Lead investigators: George C. Prendergast, PhD, and Melvin Reichman, PhD
Drug-resistant bacterial infections continue to pose a great challenge to healthcare. Antibiotics and other antimicrobial agents used since the 1940s to treat infectious diseases have greatly reduced their morbidity and mortality, but they have been used so widely and for so long that microbial strategies have evolved to bypass their effects, rendering them less effective.
Topical infections involving MRSA and other drug-resistant bacterial species are one area of risk. Building on concepts developed at LIMR to treat cancer by relieving immunosuppression in the local tumor microenvironment, our researchers have designed an antimicrobial formulation to treat infections by relieving immune barriers imposed by the local microbial ecology in which the infectious agent is embedded.
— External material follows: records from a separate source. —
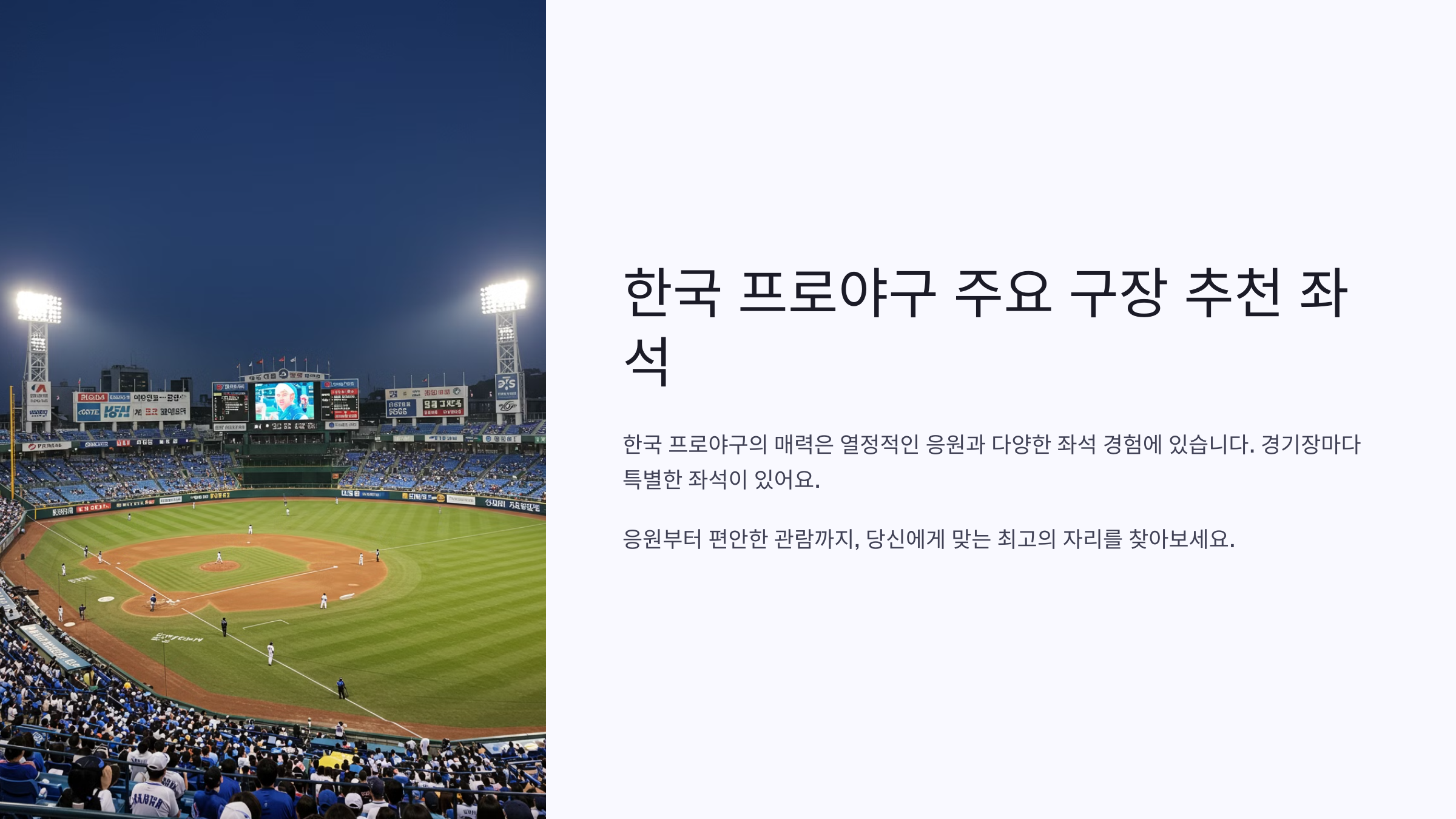 그래서 준비했어요! KBO 10개 구단 홈구장 좌석 추천을 완벽 정리했습니다. 직관 꿀팁, 분위기, 가성비, 뷰맛집까지 싹 모았어요!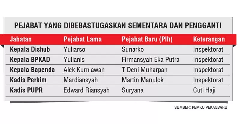 Kepala Badan Kepegawaian dan Pengembangan Sumber Daya Manusia (BKPSDM) Kota Pekanbaru, Irwan Suryadi, menjelaskan bahwa para pejabat yang dibebastugaskan tersebut adalah: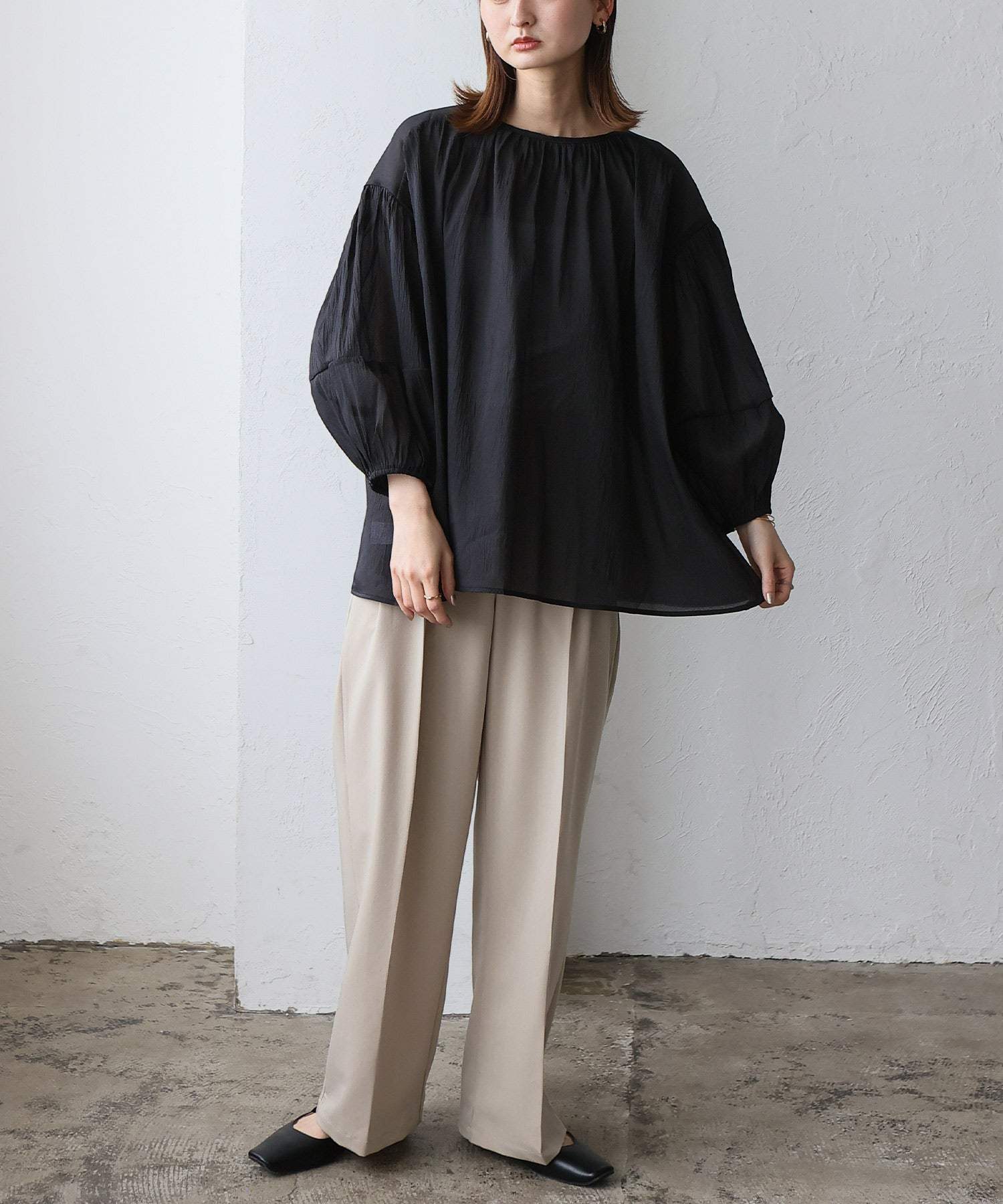 寬鬆的胸寬與袖子蓬鬆感,展現女性柔和的氣質,同時營造隨性風格。

Our formulation incorporates an FDA-approved substance that LIMR scientists discovered can effectively inhibit IDO, an immunosuppressive molecule that is elevated in certain infections associated with immune resistance (e.g., HPV).
Accordingly, the LIMR formulation seeks to treat drug-resistant infections as a problem of the microbiome, rather than solely of a specific pathogenic agent. By seeking to reverse the pathogenic effects of a supportive microbiome, this formulation may help enable clearance, either by boosting natural host immunity or by pharmacological synergy in combination with antimicrobial agents.
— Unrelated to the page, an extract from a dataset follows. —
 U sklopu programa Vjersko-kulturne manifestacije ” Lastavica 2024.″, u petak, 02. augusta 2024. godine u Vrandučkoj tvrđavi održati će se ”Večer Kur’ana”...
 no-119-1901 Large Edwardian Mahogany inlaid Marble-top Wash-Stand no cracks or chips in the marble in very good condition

LIMR’s technology is a formulation that offers a new approach to eradicate drug-resistant topical infections by disrupting pathogenic microbiomes that suppress local immunity and wound healing responses that normally help clear infections. Moreover, the technology may be especially useful for immunosuppressed patient populations, including elders or patients undergoing chemotherapy.
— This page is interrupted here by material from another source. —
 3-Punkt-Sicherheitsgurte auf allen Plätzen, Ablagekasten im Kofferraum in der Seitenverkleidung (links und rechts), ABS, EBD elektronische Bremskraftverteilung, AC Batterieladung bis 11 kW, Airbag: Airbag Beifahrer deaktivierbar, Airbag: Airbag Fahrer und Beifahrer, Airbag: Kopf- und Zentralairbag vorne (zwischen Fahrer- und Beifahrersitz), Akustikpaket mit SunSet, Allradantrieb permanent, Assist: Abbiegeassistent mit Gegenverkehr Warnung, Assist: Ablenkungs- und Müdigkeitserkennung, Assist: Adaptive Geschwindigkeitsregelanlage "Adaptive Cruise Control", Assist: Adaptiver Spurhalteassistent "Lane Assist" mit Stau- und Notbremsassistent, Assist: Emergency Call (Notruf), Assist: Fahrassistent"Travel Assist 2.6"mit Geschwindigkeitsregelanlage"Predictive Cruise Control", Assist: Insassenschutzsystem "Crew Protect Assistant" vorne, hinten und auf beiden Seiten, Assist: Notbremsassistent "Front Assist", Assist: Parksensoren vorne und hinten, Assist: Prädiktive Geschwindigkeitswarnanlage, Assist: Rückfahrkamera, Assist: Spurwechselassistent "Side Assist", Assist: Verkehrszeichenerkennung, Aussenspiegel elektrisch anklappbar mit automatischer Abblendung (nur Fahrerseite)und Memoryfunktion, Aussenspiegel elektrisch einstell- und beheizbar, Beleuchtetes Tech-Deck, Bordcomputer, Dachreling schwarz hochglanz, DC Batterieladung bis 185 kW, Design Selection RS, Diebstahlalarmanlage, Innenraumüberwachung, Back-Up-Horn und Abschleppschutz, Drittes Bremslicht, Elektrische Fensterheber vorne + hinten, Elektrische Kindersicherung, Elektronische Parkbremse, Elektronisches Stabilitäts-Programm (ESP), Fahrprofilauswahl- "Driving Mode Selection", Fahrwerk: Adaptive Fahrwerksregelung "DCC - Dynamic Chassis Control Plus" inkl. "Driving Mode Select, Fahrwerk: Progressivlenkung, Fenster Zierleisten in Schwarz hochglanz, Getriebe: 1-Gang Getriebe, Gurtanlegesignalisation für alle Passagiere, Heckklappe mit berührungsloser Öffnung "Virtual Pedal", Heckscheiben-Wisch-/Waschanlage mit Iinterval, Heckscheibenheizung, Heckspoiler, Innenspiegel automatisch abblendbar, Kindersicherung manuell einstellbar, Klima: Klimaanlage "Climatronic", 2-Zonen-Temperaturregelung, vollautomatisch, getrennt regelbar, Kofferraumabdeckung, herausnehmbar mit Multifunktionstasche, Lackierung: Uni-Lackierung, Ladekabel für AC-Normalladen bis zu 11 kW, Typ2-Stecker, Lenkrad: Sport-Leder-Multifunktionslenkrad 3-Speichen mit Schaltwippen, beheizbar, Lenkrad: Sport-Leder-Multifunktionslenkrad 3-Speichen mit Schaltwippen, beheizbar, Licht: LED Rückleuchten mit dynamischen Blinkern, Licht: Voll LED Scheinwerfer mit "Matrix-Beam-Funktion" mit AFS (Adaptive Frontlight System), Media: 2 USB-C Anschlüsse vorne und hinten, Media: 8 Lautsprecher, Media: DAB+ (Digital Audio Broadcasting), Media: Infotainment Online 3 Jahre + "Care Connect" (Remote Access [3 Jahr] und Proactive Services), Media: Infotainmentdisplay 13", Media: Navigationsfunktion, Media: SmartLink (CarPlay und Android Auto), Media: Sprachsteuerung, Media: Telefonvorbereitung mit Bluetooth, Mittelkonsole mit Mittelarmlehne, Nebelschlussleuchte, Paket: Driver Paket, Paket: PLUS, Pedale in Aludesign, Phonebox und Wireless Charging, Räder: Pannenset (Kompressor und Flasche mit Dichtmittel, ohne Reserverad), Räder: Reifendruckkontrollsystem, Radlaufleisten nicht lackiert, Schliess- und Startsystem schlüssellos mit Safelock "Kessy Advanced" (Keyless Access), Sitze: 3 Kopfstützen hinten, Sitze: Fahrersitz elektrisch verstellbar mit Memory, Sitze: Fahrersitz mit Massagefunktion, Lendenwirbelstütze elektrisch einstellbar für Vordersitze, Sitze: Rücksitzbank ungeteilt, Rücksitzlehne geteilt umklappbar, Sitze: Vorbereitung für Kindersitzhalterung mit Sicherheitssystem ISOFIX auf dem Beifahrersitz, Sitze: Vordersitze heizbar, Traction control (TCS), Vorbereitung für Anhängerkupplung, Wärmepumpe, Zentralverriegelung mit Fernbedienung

As a potential over-the-counter formulation, the technology may also be used to leverage or expand the scope or effectiveness of other topical antibiotics or other drugs, the therapeutic action of which may be limited by an immunosuppressive “mal-microbiome” in which the infection is embedded.
This technology offers a leading edge in challenging the prevailing view that chronic, untreatable infections are caused wholly by drug-resistant genes acquired by a single pathogenic species. Microbiome research findings indicate a huge diversity in the microbial ecology in which any pathogenic infection must arise. Thus, it is conceivable that drug resistance reflects as much the local ecology of the microbiome as the embedded pathogenic species, for example, as in pathogenic biofilms. Clearing the “mal-microbiome” with LIMR’s approach might be sufficient to clear some infections—analogous to the ability of immune checkpoint inhibitors to restore latent tumor immunity—or possibly used in combination with antibiotics to re-empower their ability to clear drug-resistant infections.
Each year in the United States, at least two million people become infected with bacteria that are resistant to antibiotics, and at least 23,000 people die each year as a direct result of these infections, according to the U.S. Centers for Disease Control and Prevention. Drug-resistant skin infections, such as staph, MRSA and others, are a growing challenge. This drug formulation holds the potential to restore the immune system’s ability to eradicate dangerous topical infections, as well as promote wound healing.
Intellectual property position
Anti-microbial formulations to treat drug-resistant infections: Patent pending.
Muller AJ, DuHadaway JB, Jaller D, Curtis P, Metz R and Prendergast GC. (2010). Immunotherapeutic suppression of indoleamine 2,3-dioxygenase and tumor growth with ethyl pyruvate. Cancer Res 70: 1845-53.